In buying those mortgage-backed securities, the Fed is allowing banks to lend more money. And with a bigger supply of money to lend out, the interest rate drops. Home buying becomes more attractive and housing demand goes up.
“As we’ve seen, prices have been going bananas in the housing market. And this is closely related to the Fed’s dramatic interventions,” Conti-Brown said.
There was another factor in the last 12 months — a lot of people wanted to get out of small apartments and buy bigger houses.
The Fed doesn’t buy mortgage-backed securities because it has a preference for housing. It’s just that the central bank’s tools are limited.
“The Federal Reserve Act really restricts the kinds of bonds that the Fed can buy in ordinary times, and it allows for the purchase of mortgage-backed securities in a way that it doesn’t allow for the purchase of other kinds of securities, absent an emergency,” Conti-Brown said.
The Fed hasn’t pulled back from buying mortgage-backed securities; it’s still trying to stimulate the economy. That’s led to worry in some circles.

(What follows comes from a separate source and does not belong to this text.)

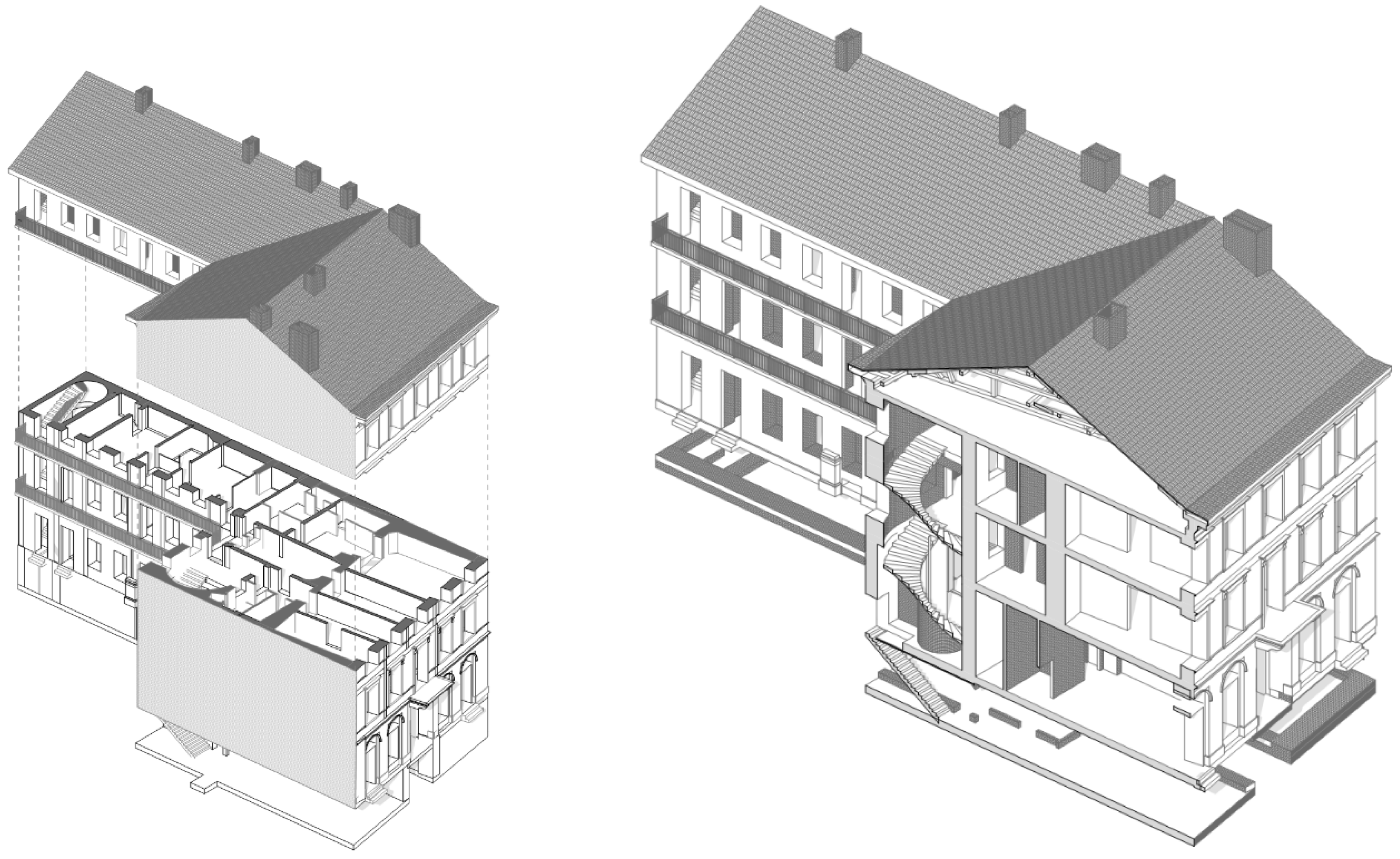 It is assumed that a model of the examined building is developed at LOD 300 according to the LOD Specification published by the BIMforum [15], including the main load-bearing elements, such as foundations, walls, columns, slabs, beams, roof structures, the chimneys, the partition walls, the stairs, the openings, and the railings. LOD300 means that individual components are represented with accurate dimensions; however, subcomponents (e.g., the joists in a timber floor structure) are not modeled separately. Furthermore, the model does not include composite structures, mechanical or electrical equipment, or furniture. This level of detail can still be considered realistic in the context of surveying existing buildings; constructing a model with higher accuracy, however, becomes extremely time-consuming and may not be economically justified.

“The concern is that if the Fed over-stimulates the economy, in particular over-stimulates the housing market, that could result in a housing bubble, where house prices increase rapidly and then fall rapidly,” said Gus Faucher, chief economist at PNC Financial Services Group. We’re not there yet, Faucher added.
In an interview with the Financial Times published today, Eric Rosengren at the Boston Fed (who said “we can’t have a boom and bust cycle in something like real estate”) acknowledged that may not come to pass. That the Fed is walking a fine line, however, is in no doubt.